[Start of Attachment]

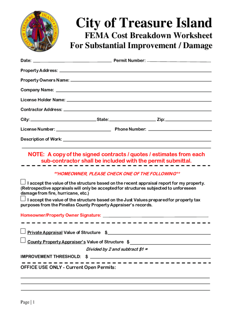 City of Treasure Island FEMA Cost Breakdown Worksheet For Substantial Improvement / Damage Date:Permit Number:Property Address: Property Owners Name: Company Name: License Holder Name: Contractor
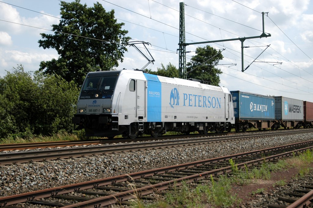 Railpool 185 687, vermietet an Peterson Rail, befindet sich am 30.06.12 südl. von Diepholz mit einem KLV-Zug auf der Fahrt in Richtung Bremen.
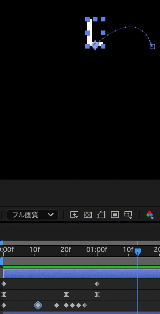 - 位置にキーフレームを打って移動。この際ペンツールを持つことでハンドルを調節できる。

[End of Attachment]

● EXERCISE INSTRUCTIONS: Would you return the data above exactly as written, minus the images?

● OUTPUT BELOW:
 City of Treasure Island FEMA Cost Breakdown Worksheet For Substantial Improvement / Damage Date:Permit Number:Property Address: Property Owners Name: Company Name: License Holder Name: Contractor
 Railpool 185 687, vermietet an Peterson Rail, befindet sich am 30.06.12 südl. von Diepholz mit einem KLV-Zug auf der Fahrt in Richtung Bremen.
 - 位置にキーフレームを打って移動。この際ペンツールを持つことでハンドルを調節できる。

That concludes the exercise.